Mapping probes to transcripts via the genome yields more information and is more complex than a direct probe/transcript mapping. Genome coordinates show the cause of alignment failures, such as probes aligning to an intron. In addition, genome builds are more stable than transcript databases and allow for enhanced future study. For instance, a probe may have been designed using proprietary transcript sequences or map to an unexplored area where tiling arrays indicate transcriptional activity [18,19]. While we may miss some alignments involving rare non-standard introns or some Agilent cDNA clones due to our algorithm, we maintain a high stringency of matches between genome coordinates, probes, and transcripts.
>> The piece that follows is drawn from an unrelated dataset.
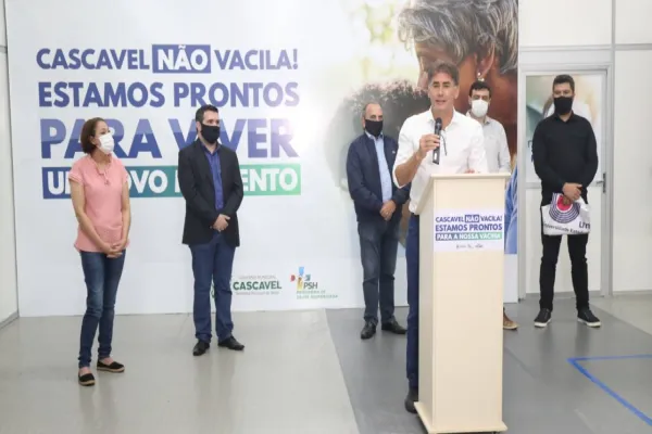 O prefeito de Cascavel, Leonaldo Paranhos, recomendou, na manhã desta quarta-feira (20), que as pessoas deixem de ouvir os negacionistas que tentam desqualificar a vacinação e as ações de combate à Covid-19. “A vacina é a luz, a ferramenta que nos dá mais otimismo”, disse, durante o ato simbólico que marcou as primeiras vacinações contra o vírus em Cascavel.

The algorithms that generate genomic alignments and transcript annotations differ for the three platforms. They serve as an abstraction layer to transform the different probe designs from each platform into commonly comparable annotation data. Annotation quality is the key factor when investigating alternative splicing disagreement. Although we maintain a high stringency in the alignments, the Agilent cDNA probes have lower transcript hybridization specificity than Affymetrix or Codelink due to their length. Therefore, under actual hybridization conditions, Agilent may target more transcripts than our purely sequence-based annotation indicates. While this may slightly impact the Agilent results, our annotation provides a good starting point for alternative splicing analysis. For instance in TXNL2, Agilent and Affymetrix target disjoint transcripts based on sequence alone. It is possible that Agilent could bind to the Affymetrix transcript, TXNL2.cAug05, though we do not know for sure. Even so, we were able to assay the terminal exon exclusive to Affymetrix to show splicing-based disagreement. Screening for such candidate genes most susceptible to alternative splicing requires at least a detailed sequence-based annotation.
The drop in correlation coefficients of expression measurements across platforms from genes impervious to alternative splicing based differences to those genes most susceptible to alternative splicing based differences seems to indicate alternative splicing plays a role in platform discordance. Although correlation coefficients are widely used measures of platform concordance, the large drop was not necessarily supported by a corresponding visual change in the distribution of data points underlying the coefficient calculations.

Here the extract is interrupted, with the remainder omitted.